Micro coaxial cable bundles achieve low loss and high transmission

In the era of rapid development of information, the internal interconnection design of equipment is increasingly tending towards miniaturization and high density. Among them, the "extremely fine coaxial cable" (micro coaxial cable) is widely used in smart devices, mobile terminals, communication modules, and precision medical instruments due to its thinness, flexibility, and high-frequency transmission capability. However, as the wire diameter decreases, the problem of signal transmission loss becomes more and more prominent. This article will analyze the causes of loss in extremely fine coaxial cables from multiple perspectives and discuss the feasible path of engineering optimization.

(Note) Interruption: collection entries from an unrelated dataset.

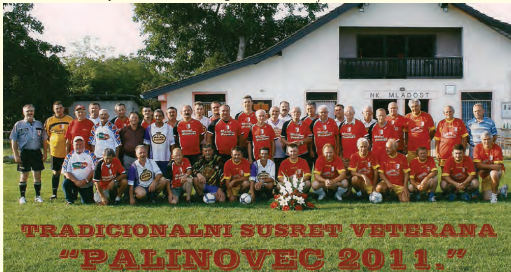
TRADICIONALNI SUSRET VETERANA "PALINOVEC 2011."

Na kraju svim simpatizerima, mještanima Palinovca, te svim žiteljima naše općine želimo puno zdravlja, te sretan Božić i uspješnu novu 2012. godinu. (Franjo Jančec)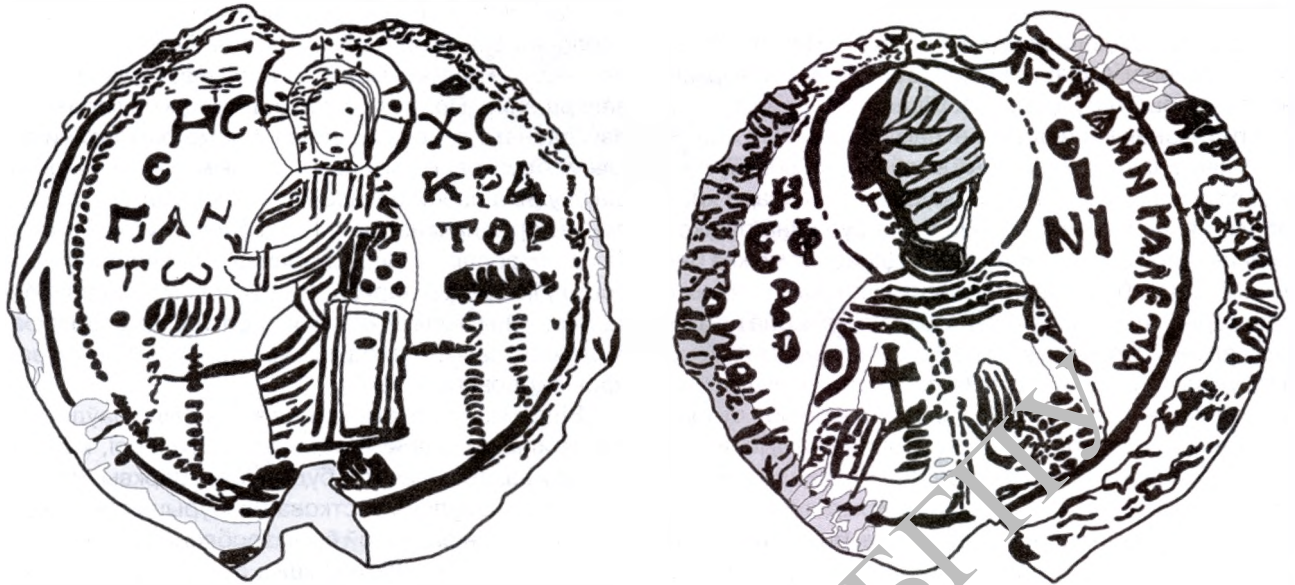
Парадная пячатка Еўфрасінні Полацкай. Прамалёўка. Аверс і рэверс.

(злева) і X/C (справа). Адметным з'яўляецца памылковае напісанне першай часткі манаграмы, дзе замест агульнапрынятай літары I — выбіта "И". (Выключэннем у сфрагістычным матэрыяле таго часу з'яўляецца, бадай што, толькі пячатка, згаданая расійскім даследчыкам В.Л.Яніным пад нумарам 325, якая належала прадстаўніку наўгародскай княжацкай адміністрацыі і з аднаго боку змяшчае выяву пакутніка Фёдара, а з другога — квітнеючага крыжа. Злева ад крыжа мы бачым манаграму Хрыста з літарай "И".) Каля выявы — змешчана легенда — слова Панткратор — "Пантакратар" ("Усеўладны"), злева — |Пан|tw і справа — |кра|тор. Вакол выявы дзе арнамент, які вызначае граніцу пячаткі. Злева ён кропкавы, а справа зліваецца ў лінію.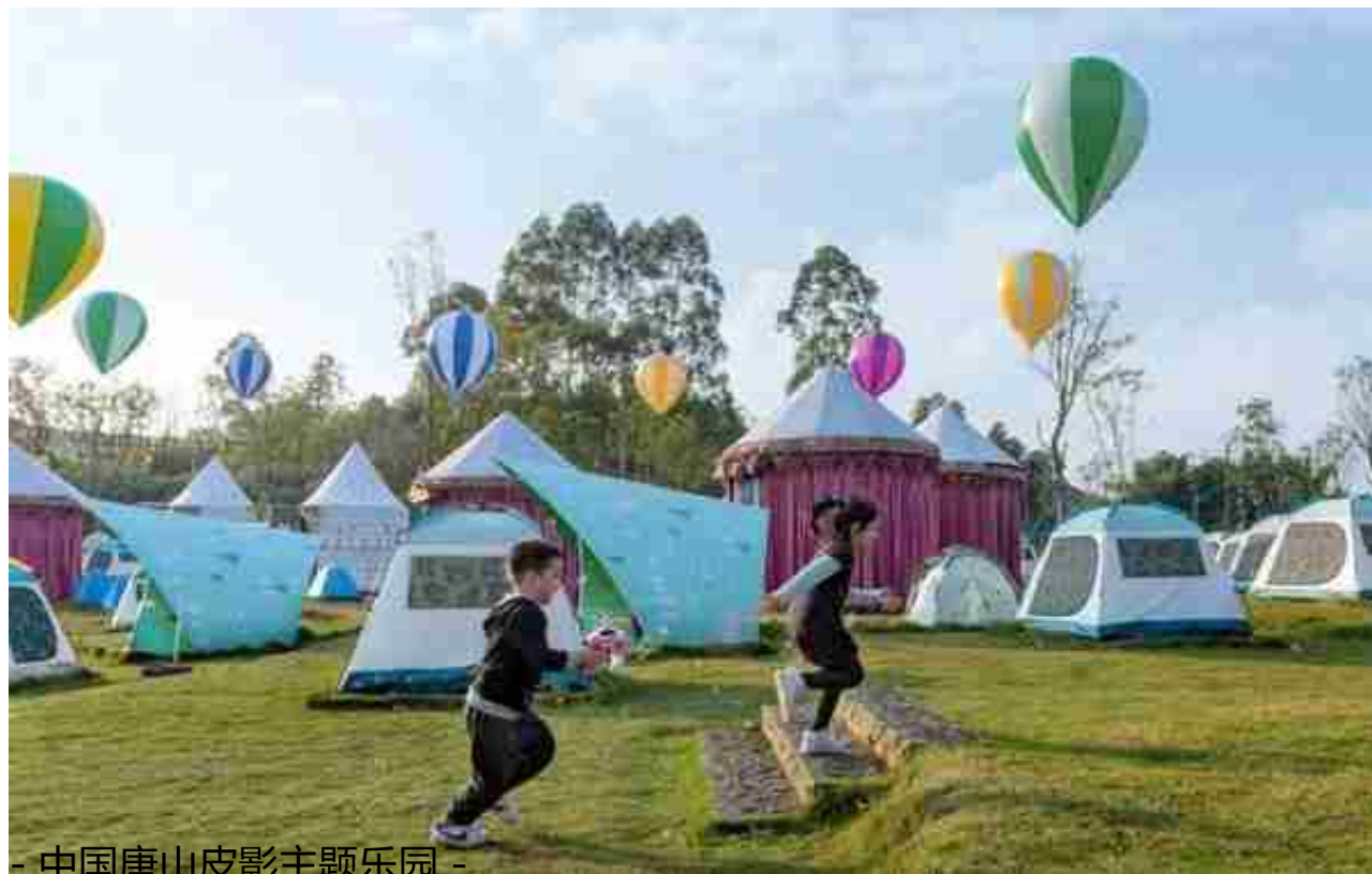
- 中国唐山皮影主题乐园 -

欢乐田园以尊重原始风貌、注重保护环境为前提，以“敛天府农耕盛景，创乡村振兴华章”为目标，创新打造川江草海、锦城花岛、古佛花溪、武阳茶谷、七彩森林、大河梯田、鹿溪牧场七大主题区域，与“黄龙溪故事”一脉相承，让天府文化、川蜀田园慢生活鲜活起来，创造不一样的农创体验！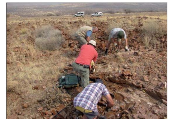
Zeoliter på gång.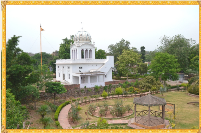
ਨੌ ਲੱਖਾ ਬਾਗ, ਗੁਰਦੁਆਰਾ ਹਰਿਮੰਦਰ ਸਾਹਿਬ, ਸ੍ਰੀ ਕੀਰਤਪੁਰ ਸਾਹਿਬ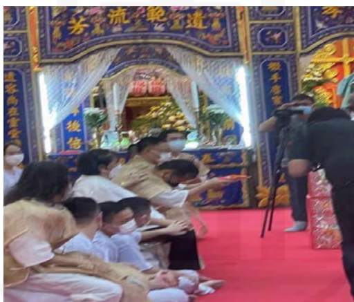
ที่มา: LU XIAOHUI (ดวงกมล) ถ่ายเมื่อวันที่ 11 สิงหาคม 2564 ที่วัดบางพลีใหญ่ใน

An Analysis of the Main Loss Types in Ultra-Fine Coaxial Beam
Insertion loss is the most direct manifestation of energy attenuation. When the signal is transmitted from the transmitter to the receiver through the cable, part of the energy is lost as heat due to the conductor resistance and medium loss. Because the conductor cross-sectional area of extremely thin coaxial cables is small and the transmission frequency is high, the signal skin effect is more significant, causing the energy to concentrate on the surface of the conductor, thereby increasing the loss.
Reflection loss is mainly caused by impedance mismatch. When the impedance of the cable, connector, or PCB interface is not consistent, part of the signal is reflected back to the source end, causing energy waste and signal interference. Especially in extremely fine wire structures, higher processing accuracy is required, and any deviation may amplify the reflection effect.
In addition, the standing wave ratio (VSWR) related loss should not be ignored. Impedance mismatch can cause standing waves, causing the signal to form reflected superposition in the transmission path, thereby reducing transmission efficiency. By strictly controlling design accuracy and ensuring the impedance consistency of each component, such losses can be significantly reduced.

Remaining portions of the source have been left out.